One of life’s under-appreciated pleasures is the “ah ha.” It is that lovely moment when the mists clear and the truth that was lurking behind the clouds emerges in full clarity. I always feel terrific when things come together, and I can say, “Ah ha, now I get it.” I often find myself working with things that are not completely clear. I may have enough knowledge to achieve useful results, but still feel myself struggling with the big picture and the broader implications. Sometimes I am rewarded with a little “ah ha” that brightens my day and makes my path a little clearer, but really big “ah ha’s” are rarer. Recently, someone1 gave me a whopper of an “ah ha” about retirement planning that I’d like to share.

The idea is simple, but for me it has changed the entire structure of my understanding of retirement planning. The idea is this: “There is a ten-year period, the five years just before retirement and the five years just after retirement, that is critical to the success of any retirement.” I think I always understood that there was something like that, but stated with such clarity, this concept has transformed my thinking. It’s similar to when I finally understood what the ski instructor meant when he said, “Keep your weight on the downhill ski.”

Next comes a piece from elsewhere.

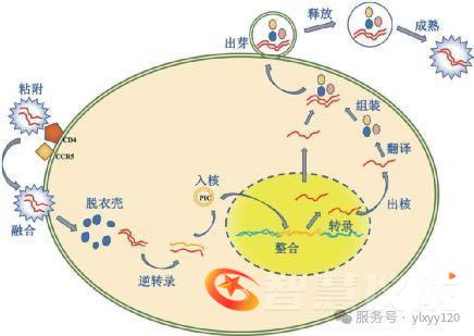 HIV侵入人体后,寻找靶细胞(T淋巴细胞)---- 与靶细胞受体CD4分子结合(相当于用钥匙打开门)---- 病毒核心组件进入靶细胞 ---- 逆转录为cDNA ---- 病毒DNA整合入宿主DNA ---- 病毒基因表达:转录 ---- 翻译病毒蛋白质、装配病毒颗粒 ---- 成熟 ---- 继续进攻其它健康靶细胞。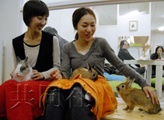 中新網(wǎng)1月6日電 可以讓顧客和兔子親密接觸的“兔兔咖啡館”去年7月在日本名古屋東區(qū)開張,除了帶孩子的父母和女性客人以外,許多下班回家的公司職員也經(jīng)常光顧,生意非常興隆。該店“園長”倉田直基(36歲)說:“兔子有著心靈治療的神奇力量。人們都喜歡和它們接觸,獲得內(nèi)心的平和。”

The more I reflect on this concept, the more wisdom I find in it—in other words, the more I find it reflects ideas that I have talked about, written about and tried to work with for many years, but which never came together with such clarity. There is more to say about this than I can cram into this column, but let me try to pull out two of the most important ideas, one from the five years before retirement and one from the five years after retirement.

Before Retirement: Lifestyle Creep

The first idea is what I call “lifestyle creep.” More and more, people find themselves in a pretty comfortable situation as they approach retirement. They are earning more money than they ever have. Frequently, the second spouse has gone back into the workforce, and as that spouse moves from entry-level positions to more responsible roles, the earnings increase dramatically. The primary earner has achieved senior status and the compensation that comes with it. Meanwhile, many of their key expenses were fixed in earlier years when they were earning less, and for many, university tuitions have finally been paid. The result is that the gap between earnings and expenses is widening rapidly. For many families, the funds available for savings and investment may increase by five or even ten times in the five years just before retirement.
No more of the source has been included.